At a time when notions of "beauty" and "the hero" are if not thoroughly discredited then severely bruised, it's something of a shock to come across a show that so unabashedly and worshipfully subscribes to them as virtues. Allen Ginsberg proclaimed more than a half-century ago: "Everything is holy! Everybody is holy! Everywhere is holy!" And damned if that catholic embrace, the eminence of the immanent, informs all aspects of Camera Solo – from the displays of the cup that Smith gave her father to mark the centennial of Dickens' death, to a large rock the artist plucked from the shores of the River Ouse where Virginia Woolf drowned in 1941, to the embroidered slippers of Pope Benedict XV, to photographs of Hermann Hesse's typewriter, Walt Whitman's tomb, the headstone of William Blake, the spoon and fork used by Arthur Rimbaud.

Images and mementos of Rimbaud, in fact, along with those of Smith's former co-vivant/soulmate, the late photographer Robert Mapplethorpe, loom large in the exhibition. Indeed, the largest artifact in what is otherwise an intimate show is a full-scale reconstruction of the litter that carried a gangrenous Rimbaud up and down the mountains of Ethiopia in the late 1880s. Smith commissioned the replica in 2009 and inscribed some of the doomed poet's last words on one of its shafts.

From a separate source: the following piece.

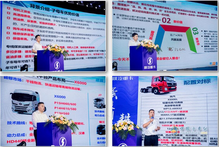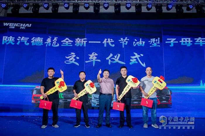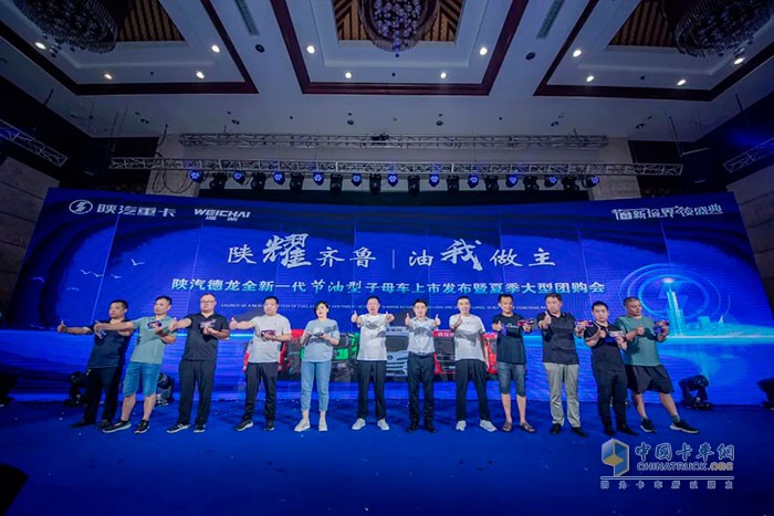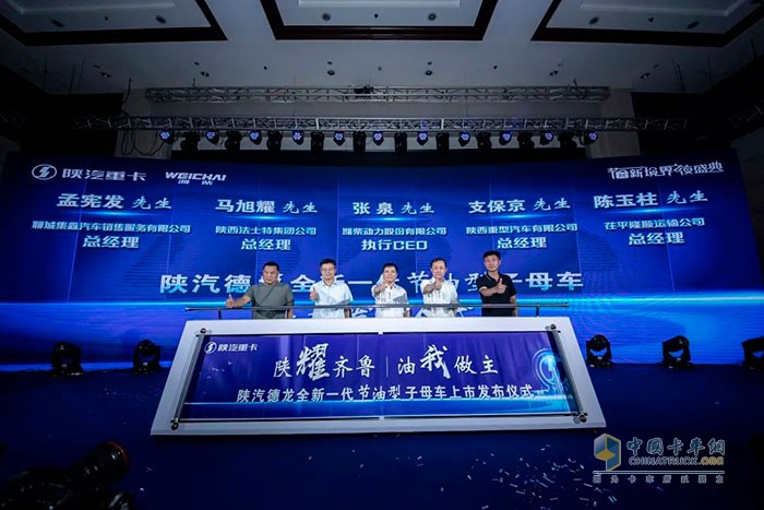 濰柴動力股份有限公司執(zhí)行CEO張泉、陜西重型汽車有限公司總經(jīng)理支保京、陜西法士特集團(tuán)公司總經(jīng)理馬旭耀、聊城集鑫汽車銷售服務(wù)有限公司總經(jīng)理孟憲發(fā)以及客戶代表茌平隆順運(yùn)輸公司總經(jīng)理陳玉柱共同發(fā)布陜汽德龍全新一代節(jié)油型子母車。陜汽此款在貨運(yùn)市場拉煤神器的誕生,將再度助力卡友們持續(xù)創(chuàng)富。

At the AGO the dark litter is like a bier or Charon's boat to the underworld, shrouded in netting and mounted on a large white plinth near the centre of the main exhibition space.

Like Rimbaud, Mapplethorpe gets his own vitrine here and it includes a cross the photographer owned, a mixed-media totem to Rolling Stones' founder Brian Jones made by Smith and Mapplethorpe in 1969 in the Chelsea Hotel and old photo-booth shots, among other artifacts. It's Mapplethorpe, in fact, who provides Camera Solo's sexiest moment – a small photograph he took of Smith in her 20s, the artist crouching on a stool, in high heels, legs bared, calves flexed, staring forthrightly into his lens. Lent by two Toronto collectors, Patti Smith (with Thunderbolt Tattoo) delivers a heady hit of eros in a show otherwise heavy on thanatos.

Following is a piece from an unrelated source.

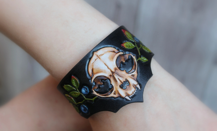 Рисунок выполнен в технике карвинг, окрашен профессиональными проникающими красками для кожи(не стираются и не линяют).

An iteration of Patti Smith: Camera Solo was first mounted in fall 2011 at the Wadsworth Atheneum Museum of Art in Hartford, Conn., then moved to the Detroit Institute of Art last spring. The AGO's Hackett didn't see either of those exhibitions but did meet with Smith last August in New York to discuss her ideas for the AGO presentation. Since then they've had "a long-distance collaboration but a really wonderful collaboration nevertheless," notes Hackett. Smith will, in fact, see what has been wrought March 7 when she performs two evening shows of song and poetry at the AGO.

The artist likely will be pleased. Unlike the Hartford show, which "had groups of photographs organized according to types – here are writers, here are family pictures, here's where she went to Scotland," Hackett's show has the pictures hung chronologically, although not slavishly so. As a result, there's "a sense of walking into her world," of connections being made among art, life, enthusiasms, living family and dead friends. It's a modest show but rich in its austere elegance, the photographs and mementos potent emblems of the unceasing intensity of Patti Smith.